Large volumes of structured and unstructured data are essentially referred to as ‘Big Data;’ and is produced by almost all sources around us such as social media exchange, digital processes, mobile devices, sensors etc. Big Data provides insights into patterns, trends, and correlations with other entities in the business world. Big Data swamps businesses on a regular daily basis, and due to the speed and accuracy with which it is analyzed, it leads to enhanced and accurate decisions via tactical business steps. As it is variable and complex and comes from various sources, it is imperative to connect it and associate it with other systems.
“Without big data analytics, companies are blind and deaf, wandering out onto the web like deer on a freeway.” – Geoffrey Moore
The global analyst firm Gartner views Big data as three Vs: the amount of data (volumes); the pace at which information is generated and streams in the organization (velocity), could be via smart meters and sensors that aid in near real-time data; and the forms of data (variety).
Big Data leads to enhanced customer management, optimization of operations acts as a resource for competitive advantage, prevents threats/frauds, and provides insights and benefits for/from newer sources of revenue.
Structured data is one that is typically derived from man-machine interactions, for eg. web applications, business transactions, sensors; whereas unstructured data is derived from traditional databases, for eg. metadata, twitter, video, audio etc. Apart from the volume, it is imperative for an organization to understand as to what they do with it and that it must hold some meaning, essentially leading to analysis for insights which leads to better and informed decisions and calculated business moves.
While huge amounts of data are harnessed, it allows organizations to discover new opportunities which result in higher profits, efficient and effective operations with higher productivity and
satisfied customers. Cost reduction occurs due to the usage of Big Data technologies such as Hadoop and cloud-based analytics as they deal with storing voluminous data along with finding efficient ways of carrying out the business. Again, along with Hadoop and in-memory analytics, information can be examined and taken action upon instantly. Due to this analysis, customer requirements are better expressed leading to better and newer products for customers.

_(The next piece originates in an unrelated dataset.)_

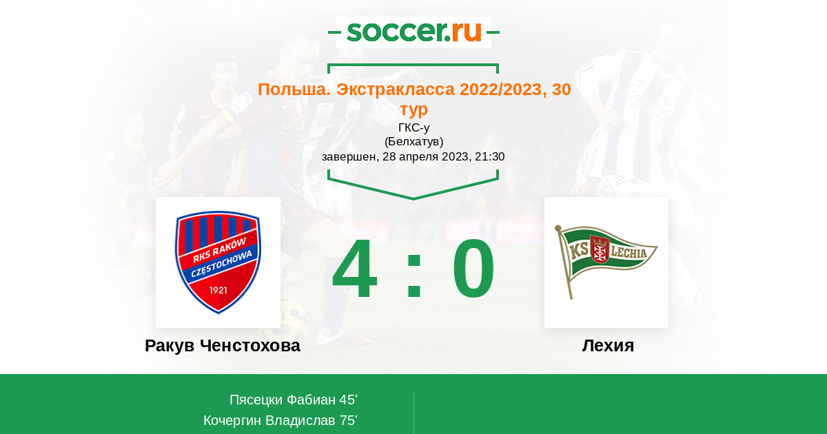 Протокол матча Ракув Ченстохова против Лехия

Big Data is being used in travel, hospitality, healthcare, retail, government, banking, education, manufacturing etc. Customer satisfaction is considered the highest in travel and hospitality industry. These businesses use Big Data to identify and resolve issues related to customers before they end up losing them. In healthcare, Big Data is all too required with for physicians to find out
life-saving treatments options without delay. Typically used by law enforcement agencies, Big Data aids in reorganizing operations and provides a holistic view of the criminal movements. With Big Data, retailers gain an insight into buying habits, trends and through customer loyalty programs, they go on to create better products for customers leading to larger profits. Banking uses Big Data to minimize fraud and enhance customer satisfaction. Educators use Big Data for implementing better school systems with improved support of teachers and principals with an advanced curriculum and enhanced evaluation systems. Manufacturing uses Big Data for enhancing the quality of products, minimizing waste in product development, and solving of challenges faster.

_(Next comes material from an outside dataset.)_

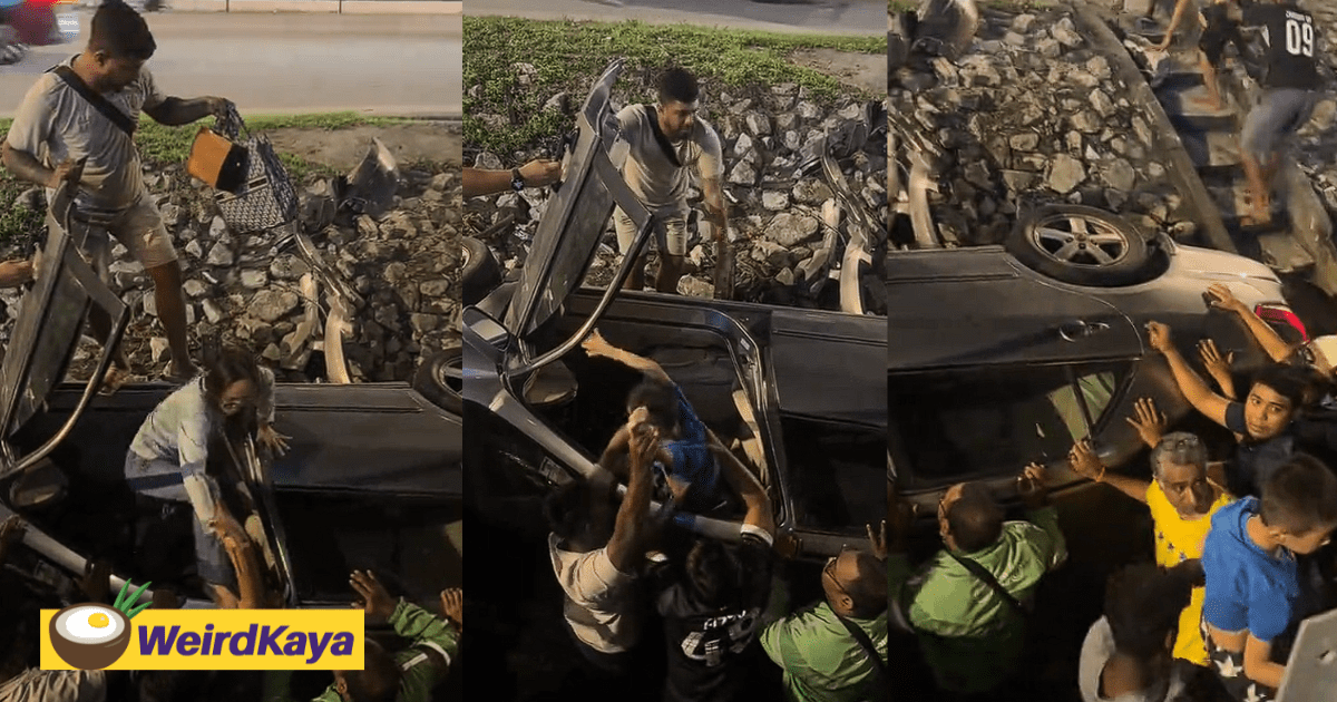 M’sians Of All Races Work Together To Rescue Trapped Passengers Of Overturned Car In PJ

High-performance analytics lets you do things you never thought about before because the data volumes were just way too big. For instance, you can get timely insights to make decisions about fleeting opportunities, get precise answers for hard-to-solve problems and uncover new growth opportunities – all while using IT resources more effectively. (From the white paper Big Data Meets Big Data Analytics, ref: SAS)
Big Data is analyzed through several technologies. Here are a few:
Data Management − For analysis, data must be made reliable and of high quality. Once this is done, a customized data management program can be established for everyone to behave and act on effectively.
Data Mining − This technology is applied to data which gives patterns and trends to enable answering complex issues. With the aid of data mining software, unwanted data is left aside and only the relevant data is used to take informed decisions.
In-memory Analytics − Instead of analyzing data from hard disk, the data is analyzed from the system memory. One can create models, test new scenarios, take informed business decisions, stay responsive, and run various interactions and scenarios.
Hadoop − This is a free open source software framework. Apart from storing large amounts of information, one can runs applications and store data on commodity hardware. This model processes data at a great speed.
Predictive Analytics − This technology uses machine learning methods, information and statistical algorithms to find future outcomes reaching the greatest evaluation possible for organizations with the help of historical data. Common predictive analytics are risk, fraud discovery, marketing, and operations.
Text Mining − With the help of this technology, companies can analyze text data from the internet, books, blogs, twitter, emails, surveys and other text-related material for details gone unnoticed before. This uses technologies such as machine learning or natural language processing for discovering new ideas.
It is imperative for organizations to find cheaper ways and means to store large amounts of data, with faster processors, free/cheap open source and big data platforms, comprise of high connectivity to the internet, analogous processing, grouping and visualization, large grid settings along with the capability to use cloud computing and other adaptable resource distribution assemblies.
Big Data is changing the way organizations use, handle and derive information and their answers to business related complex problems. Enhanced, new and innovative products and services emerge from processing and analysis of Big Data. And organizations must know how to use this data by converting it (raw into meaningful data) while further storing, managing, analyzing only the relevant data, to aid in recognizing approaches leading to better decisions.